它将DoSomething(char*)按预期调用该函数。
Similarly, suppose that I have a vector<Object*>and want to set each element to be a null pointer. Using the std::fillalgorithm, I might try writing
同样,假设我有一个vector<Object*>并且想要将每个元素设置为空指针。使用该std::fill算法,我可能会尝试编写
std::fill(v.begin(), v.end(), NULL);
However, this doesn't compile, because the template system treats NULLas an intand not a pointer. To fix this, I would have to write
但是,这不会编译,因为模板系统将其NULL视为int指针而不是指针。为了解决这个问题,我必须写
std::fill(v.begin(), v.end(), (Object*)NULL);
This is ugly and somewhat defeats the purpose of the template system. To fix this, I can use nullptr:
这很丑陋,并且在某种程度上违背了模板系统的目的。为了解决这个问题,我可以使用nullptr:
std::fill(v.begin(), v.end(), nullptr);
And since nullptris known to have a type corresponding to a null pointer (specifically, std::nullptr_t), this will compile correctly.
并且由于nullptr已知具有对应于空指针的类型(特别是std::nullptr_t),这将正确编译。
Hope this helps!
希望这可以帮助!
回答by Keith Thompson
In C, NULLexpands to an implementation-defined "null pointer constant". A null pointer constant is either an integer constant expression with the value 0, or such an expression cast to void*. So a C implementation may define NULLeither as 0or as ((void*)0).
在 C 中,NULL扩展为实现定义的“空指针常量”。空指针常量要么是值为 0 的整数常量表达式,要么是转换为 的表达式void*。因此,C 实现可以定义NULLas0或 as ((void*)0)。
In C++, the rules for null pointer constants are different. In particular, ((void*)0)is not a C++ null pointer constant, so a C++ implementation can't define NULLthat way.
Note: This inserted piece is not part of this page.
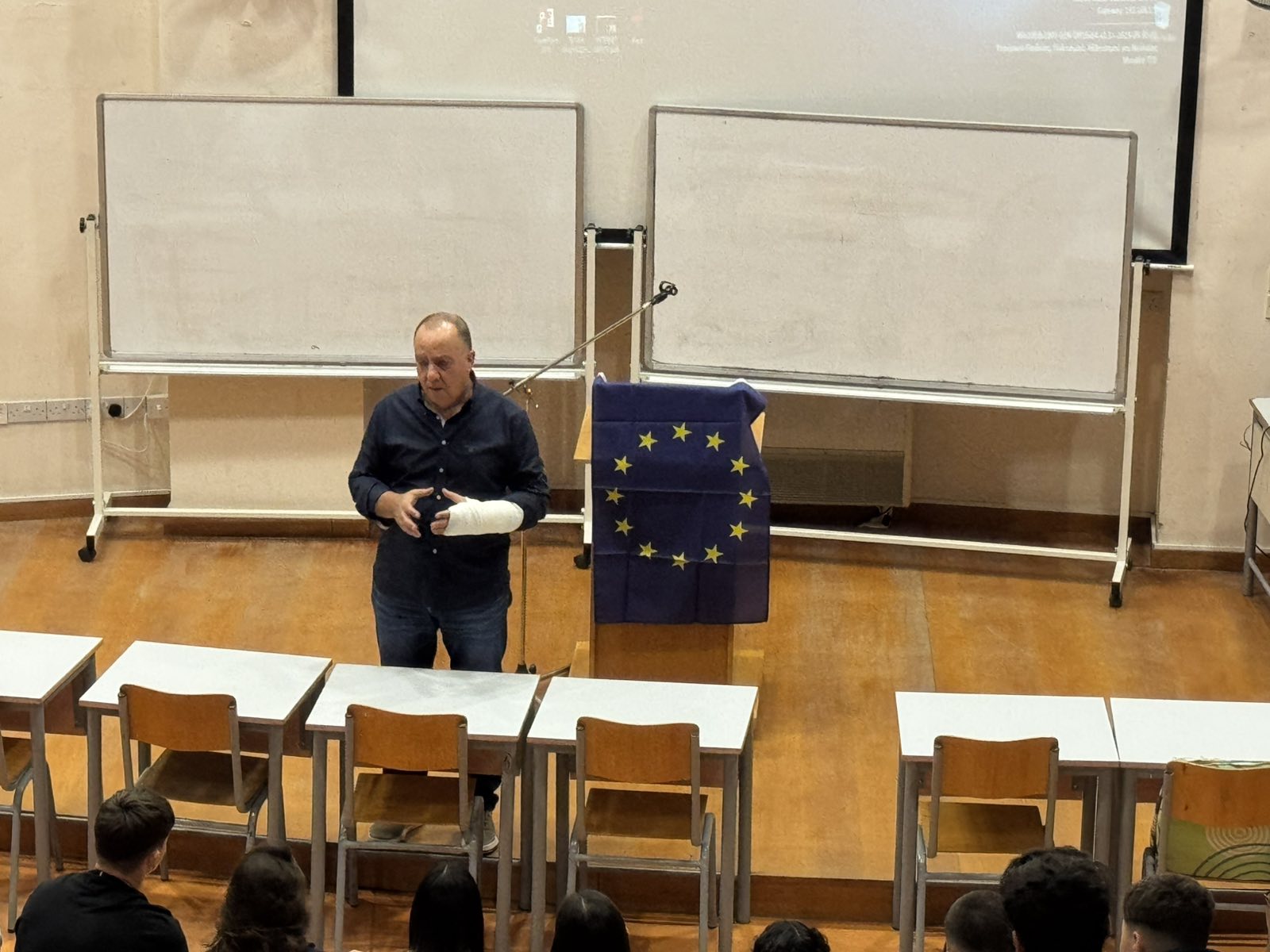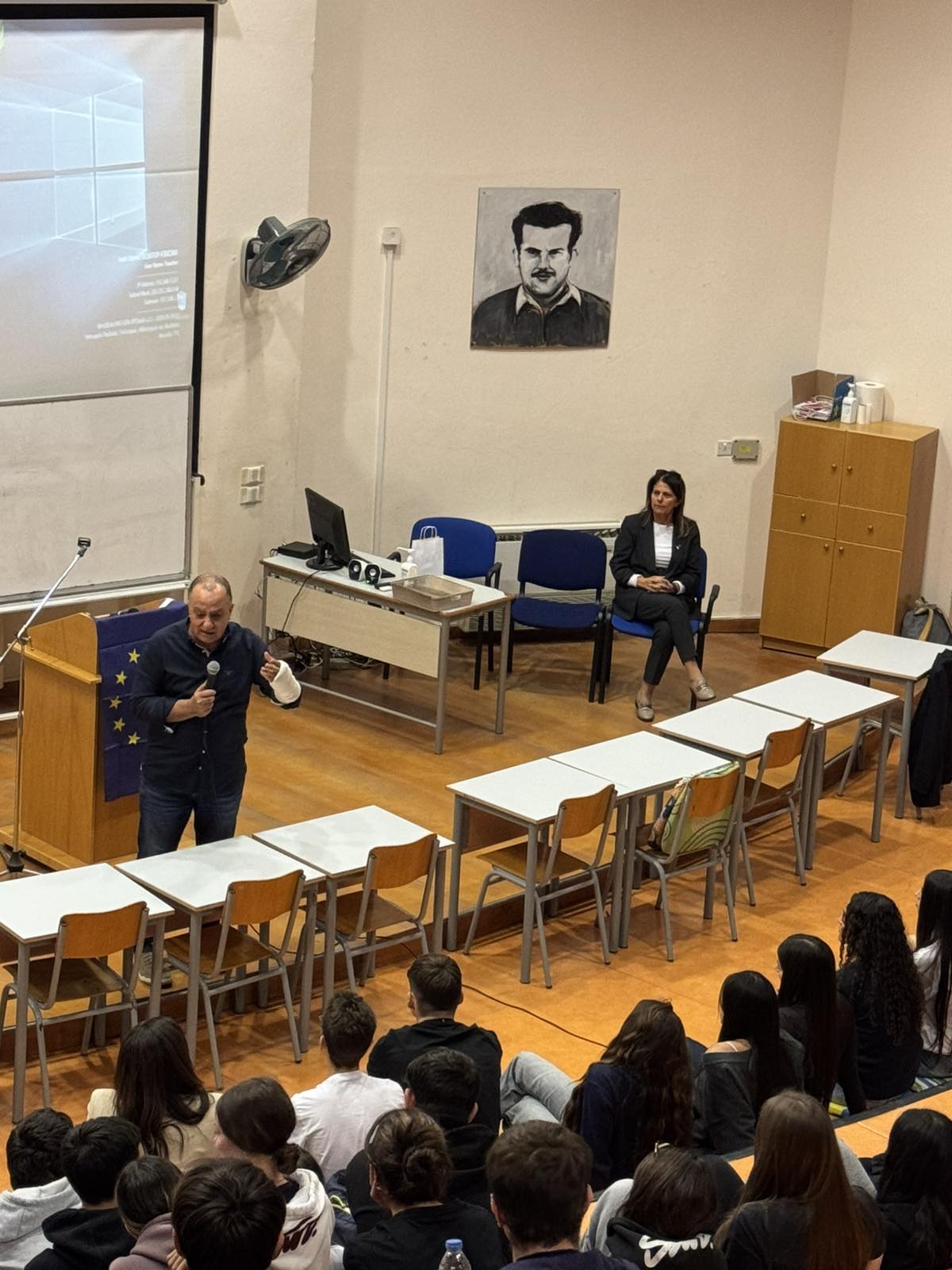 Κατά τη διάρκεια της διάλεξής του, ο κ. Γεωργίου αναφέρθηκε στο ευρύτερο έργο και τη σημασία της Ευρωπαϊκής Ένωσης, εξηγώντας με απλό και κατανοητό τρόπο πώς οι ευρωπαϊκές πολιτικές μεταξύ άλλων επηρεάζουν άμεσα τους νέους. Επίσης, απάντησε σε ερωτήματα των μαθητών σχετικά με το έργο και τον ρόλο του Ευρωπαϊκού Κοινοβουλίου.

在 C++ 中,空指针常量的规则是不同的。特别是,((void*)0)不是 C++ 空指针常量,因此 C++ 实现不能以NULL这种方式定义。
回答by Jay
The C language was created to make it easier to program microprocessors. A C pointer is used to store the address of data in memory. A way was needed to represent that a pointer had no valid value. The address zero was chosen since all microprocessors used that address for booting up. Since it couldn't be used for anything else zero was a good choice to represent a pointer with no valid value. C++ is backward compatible with C so it's inherited that convention.
创建 C 语言是为了更容易地对微处理器进行编程。AC指针用于存储数据在内存中的地址。需要一种方法来表示指针没有有效值。选择地址零是因为所有微处理器都使用该地址进行启动。因为它不能用于其他任何东西,所以零是表示没有有效值的指针的好选择。C++ 向后兼容 C,因此它继承了该约定。
The requirement of casting zero when used as a pointer is only a recent add on. Later generations of C wanted to have more rigor (and hopefully fewer errors) so they started being more pedantic about syntax.
用作指针时强制转换为零的要求只是最近的一个添加。后代的 C 想要更严格(希望错误更少),所以他们开始对语法更加迂腐。